[WIP]training with coodbook loss #138

glynpu · 2021-12-02T09:21:03Z

TODO:
Ner future:

dataloader and augmentation
quantizer training
generating manifest with codebook indices

Further experiments:

different number of code books
different layer of memory embeddings
different weight of codebook loss
frame-rate mismatch between teach model and student model
use wav2vec as a teach model

glynpu · 2021-12-02T09:32:07Z

@zhu-han Current results show that training with code-book could converge faster and better.
Experiment configuration:

Training data: librispeech-clean-100h dataset.
decoding method: cic-decoding
code-book index is extracted by a model trained with 960h librispeech.

Here is the wer% on librispeech test clean;

epoch	baseline wer	+ code book loss
1	94.24	73.38
2	79.2	57.24
3	66.85	45.32
4	57.71	36.24
5	50.97	29.66
6	43.71	24.51
7	37.85	21.11
8	31.45	18.89
9	27.65	17.74
10	24.65	16.04
11	22.33	15.55
12	20.23	14.64
13	18.52	14.28
14	17.86	13.42
15	16.48	13.28
16	15.92	12.87
17	15.6	12.83
18	14.97	12.12
19	14.85	12.39
20	14.13	12.1
21	13.9	11.74
22	14.04	11.49
23	13.62	11.3
24	13.54	11.24
25	13.44	10.86
26	13.11	10.84
27	12.88	10.84
28	12.74	10.98
29	12.6	10.69
30	12.77	10.66
31	12.65	10.53
32	12.46	10.27
33	12.15	10.28
34	12.19	10.2
35	12.27	10.02
36	12.1	10.05
37	12.2	9.98
38	11.82	9.78
39	11.91	2.9
40	11.91	9.87
41	11.73	9.72
42	11.87	9.79
43	11.15	9.75
44	11.76	9.57
45	11.47	9.34
46	11.21	9.14
47	10.95	9.16
48	11.01	9.11
49	11.3	8.89
50	11.1	8.8
51	11.19	8.85
52	11.2	8.85
53	10.71	8.65
54	10.78	8.65
55	10.86	8.7
56	10.76	8.72
57	10.7	8.63
58	10.49	8.62
59	10.54	8.67
60	10.78	8.83
61	10.17	8.62
62	10.38	8.71
63	10.17	8.58
64	10.35	8.67
65	10.11	8.8
66	10.04	8.76
67	10.07	8.7
68	10.03	8.69
69	10.21	8.64
70	9.57	8.75
71	9.75	8.59
72	9.56	8.71
73	9.84	8.62
74	9.68	8.86
75	10.0	8.74
76	9.54	8.79
77	9.46	8.84

glynpu · 2021-12-23T12:08:28Z

Now three directions have been tried:

direction	teacher model	student mode	training data
1	icefall released model trained with 960h	icefall model	clean-100h
2	icefall released model trained with 960h	icefall model	full libri 960h
3	wav2vec model	icefall model	clean-100h

All following results are on test-clean with ctc-decoding.

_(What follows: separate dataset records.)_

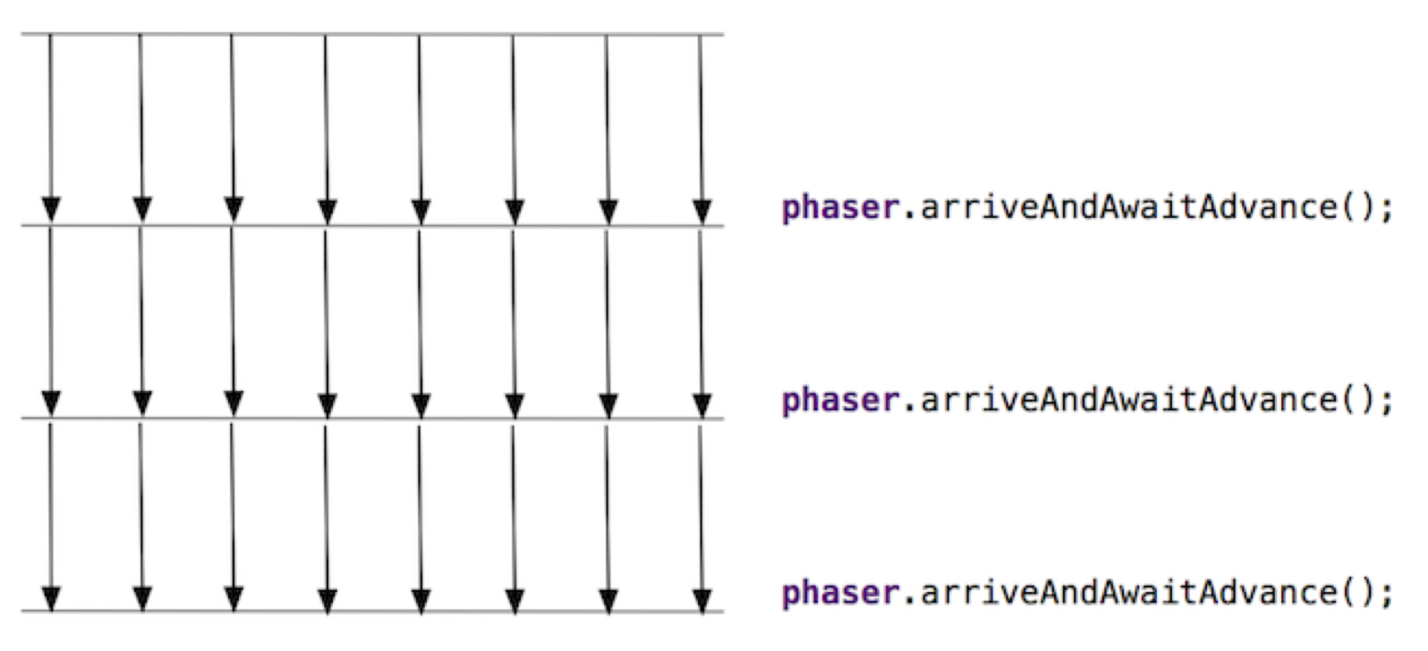 phaser.arriveAndDeregister(); // 主线程退出,party 减至 0,`Phaser` 自动终止
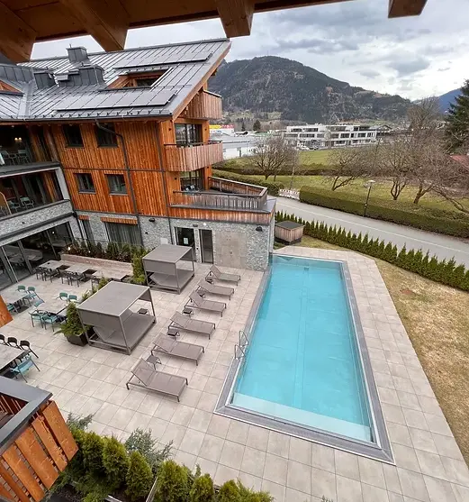 Nestled between mountains, glacier and lake: In the stylish four-star hotel ELEMENTS Resort, tradition and modernity are present in many small details. Luxury is combined with comfort; the rooms and suites, the restaurant and the spa area – with outdoor pool and sauna – convince with atmospheric ambience. Located in the immediate vicinity of the AreitXpress up to the Schmittenhöhe, and with numerous shops and restaurants nearby, the hotel is the perfect starting point for summer and winter holidaymakers.
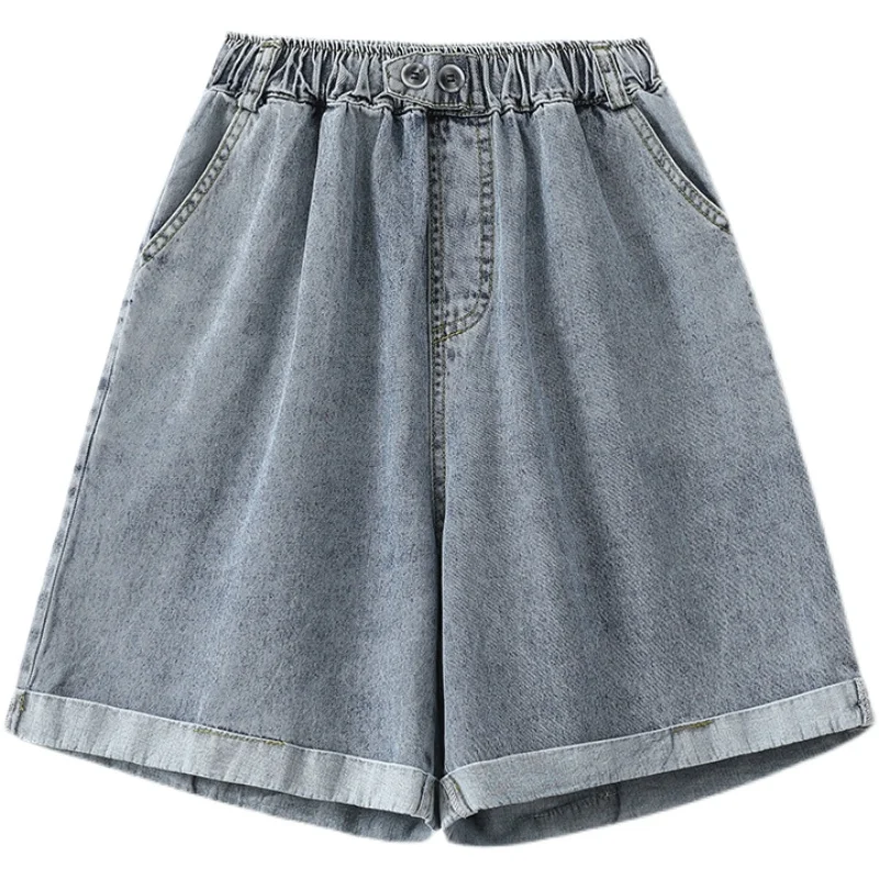 Plus Size Shorts For Women 2024 Summer New Arrivals High Elastic Waist Crimping Wide Leg Loose Streetwear Blue Jeans Shorts
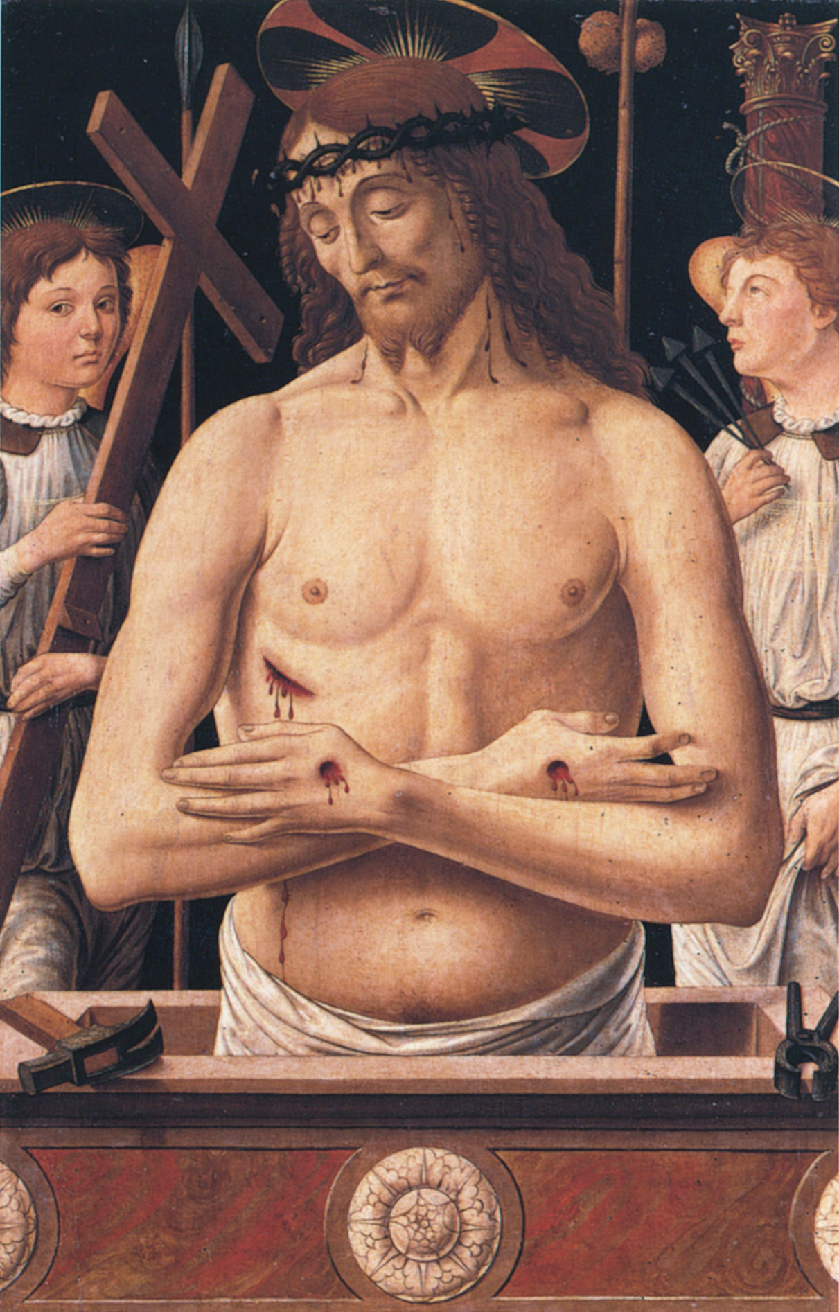 That the Yale Crucifixion, by contrast, should be assigned to Biagio d’Antonio is evident from a consideration of the figure of Saint John the Evangelist, whose distinctive profile is recognizable in dozens of paintings by Biagio in which he depended upon the drawings by Verrocchio with which he is believed to have executed the altarpiece from San Domenico del Maglio, now in Budapest (fig. 2), on behalf of the older master.13 The simplicity of the composition, airiness of the landscape, and facial types of the Virgin and Christ (to the extent that the latter can still be read in the painting) do not point to a dating as precocious as the Budapest altarpiece, however, which may have been painted in the early 1470s. They instead beg comparison to an altarpiece by Biagio d’Antonio showing the Virgin and Child Enthroned with Saints John the Baptist and Jerome in the Propositura dei Santi Jacopo e Stefano at Gambassi (fig. 3) or to a Man of Sorrows (fig. 4) in the Pinacoteca Comunale at Faenza.14 The latter was dated by Bartoli after 1492, the year in which the Banca del Monte di Faenza, its donor to the Pinacoteca, was founded, although no document indicating when the painting might have become property of the bank has been uncovered. Antonio Corbara preferred a date for the painting close to 1487 on stylistic grounds, and this seems more easily defensible.15 Similarly, Bartoli dated the Gambassi altarpiece to the second half of the 1490s, but this date should be advanced to the second half of the preceding decade by comparison not only with Biagio’s contribution to the Albizzi Tornabuoni spalliera cycle of 1487—the Betrothal of Jason and Medea in the Musée des Arts Décoratifs, Paris16—but also with contemporary altarpieces by Piero di Cosimo, Cosimo Rosselli, Filippino Lippi, and others that employ the same architectural screen with three tall arched openings as a backdrop and projecting hexagonal base as a dais to the Virgin’s throne.17 The poses of the two saints in the Gambassi altarpiece and, to a degree, of the Virgin and Saint John in the Yale Crucifixion are inspired by the lateral figures in Verrocchio’s Pistoia altarpiece, commissioned probably in 1475 and composed between that date and 1478 but completed and delivered by Lorenzo di Credi only after November 1485.18 While it might be assumed that Biagio d’Antonio had access to the unfinished altarpiece in Verrocchio’s studio, there is little reason to believe that it would have exercised a strong influence over him until it was revealed in its fully completed form and installed in the chapel of the Sacrament at Pistoia Cathedral, probably in 1486 or 1487. —LK
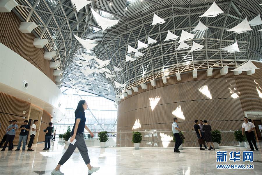 2018年10月9日,浙江湖州,聯(lián)合國世界地理信息大會會場設(shè)計頗為壯觀。11月,聯(lián)合國世界地理信息大會將在德清縣舉行,如今該大會會址已啟用,各項設(shè)施已基本完備。
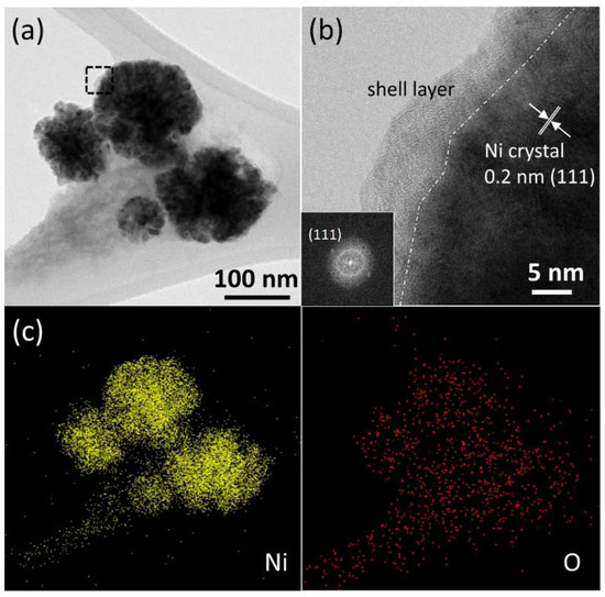 (a) Low- and (b) high-resolution TEM images of cNNH and (c) EDS mapping images of Ni and O (the inset of (b) shows the FFT image of crystalline Ni).
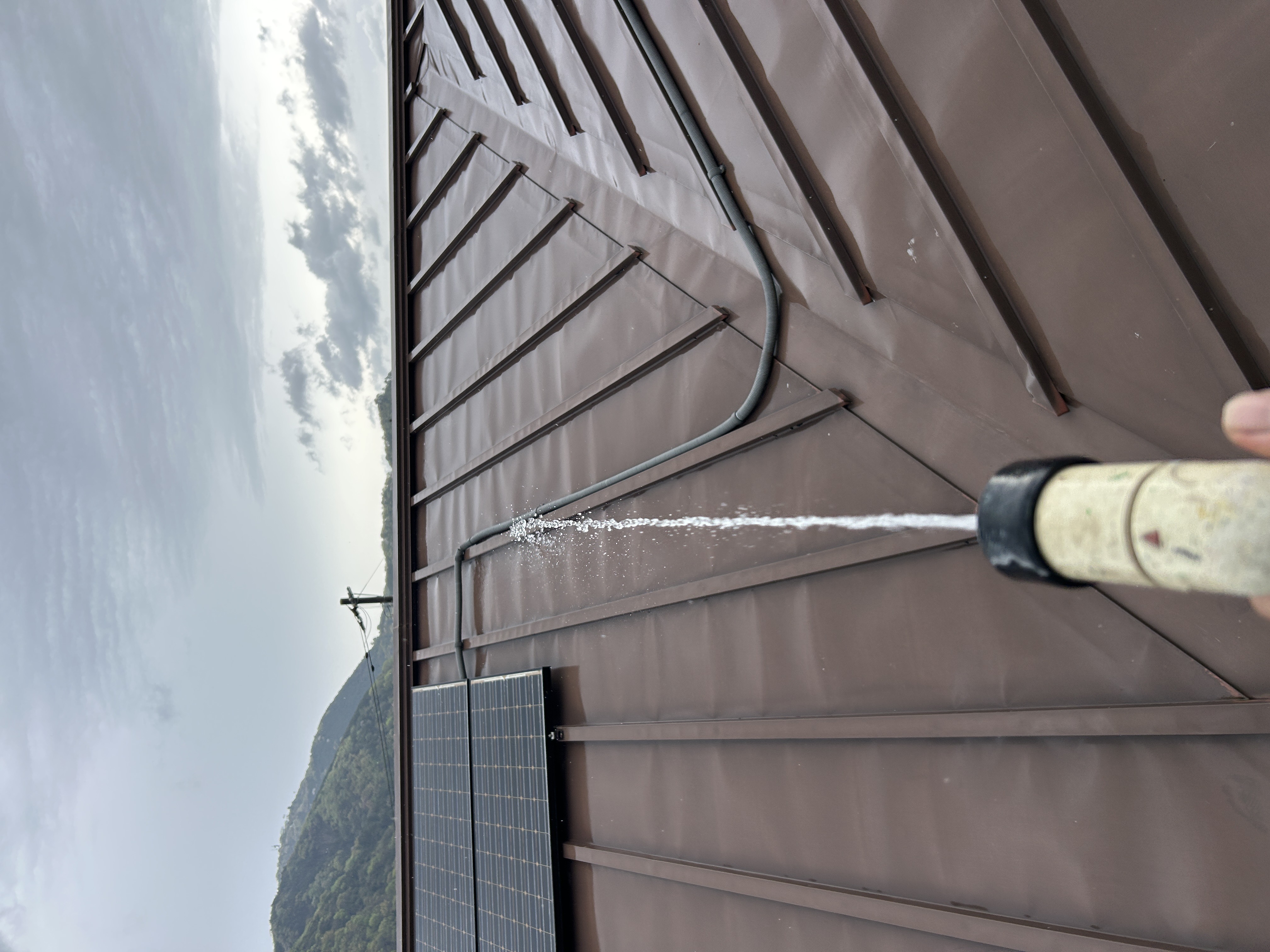 屋根に上り雨漏りの箇所の確認と室内雨漏り箇所の確認をさせて頂きました。
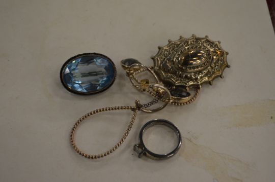 A silver ring and a decorative brooch etc.
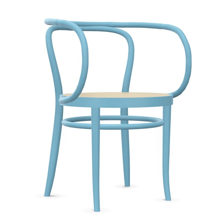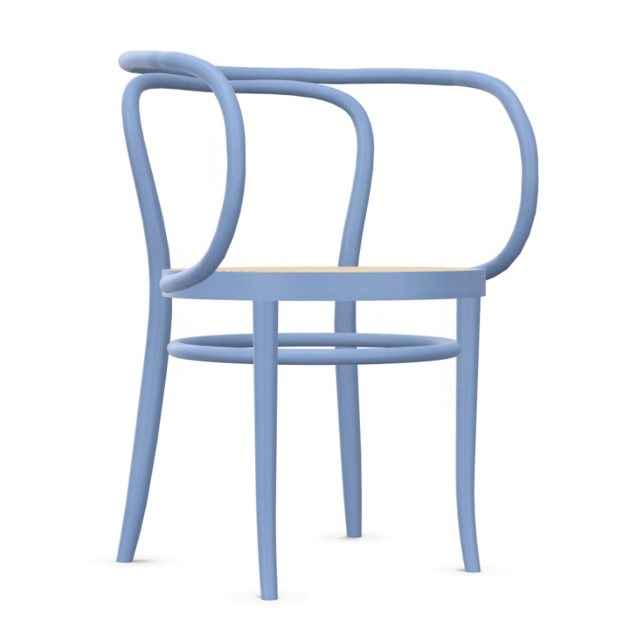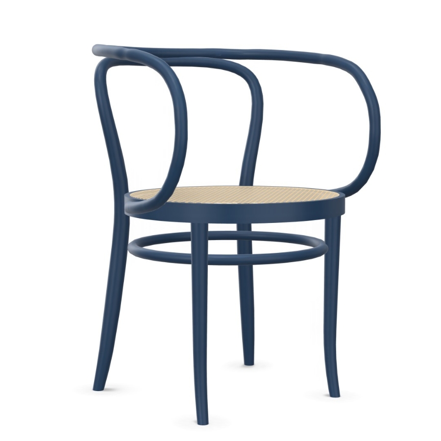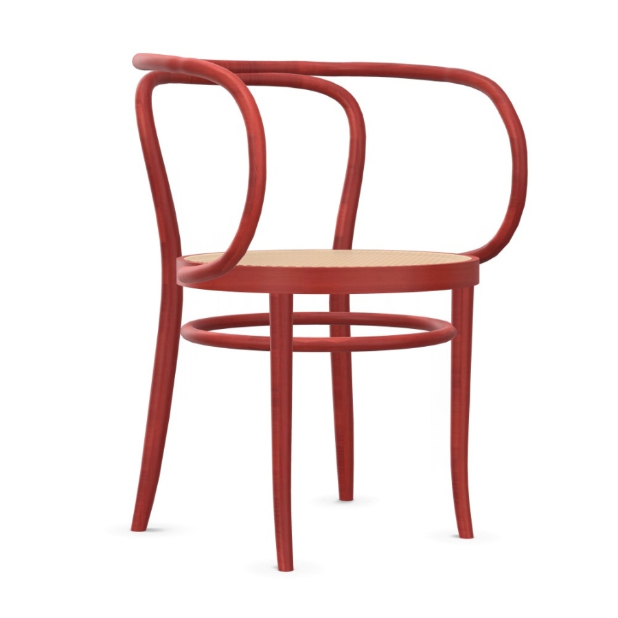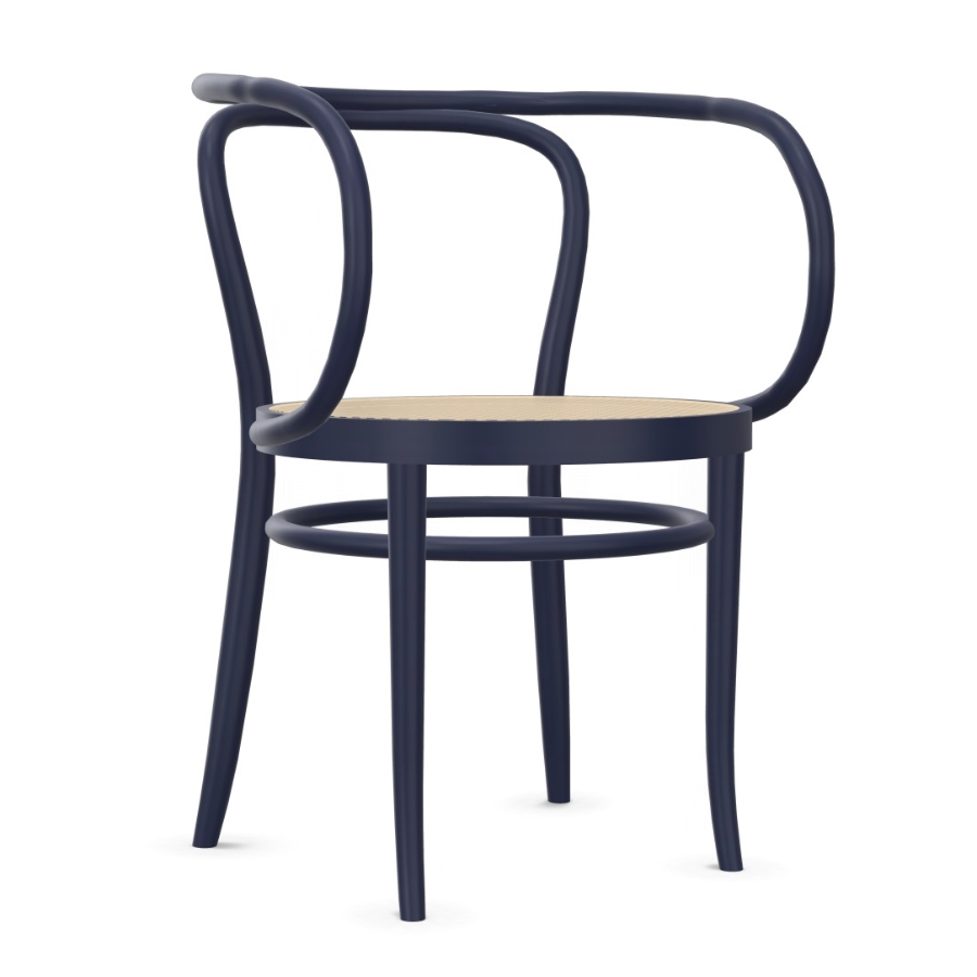 Dieser elegante Bugholz-Klassiker ist ein Meisterwerk in Konstruktion und Fertigung: Der ausladende Bügel, der Rücken- und Armlehne zugleich bildet, wird in einem Stück aus massivem Buchenholz in seine Form gebogen. Wie das Urmodell der Bugholzstühle, Modell Nr. 214, besteht der 209 ebenfalls nur aus sechs Teilen.

Conclusions of each direction:
Results of direction 1:
The teacher model help training coverging faster and finally got a much lower wer(around 9.18% vs. 5.9%).
Results of direction 2:
The teacher model help training converging faster. But finally, the results is not significant better than baseline.
Results of direction 3:
Failed to obtain good results, though wav2vec2 model got a much lower wer than icefall released model with only ctc-decoding.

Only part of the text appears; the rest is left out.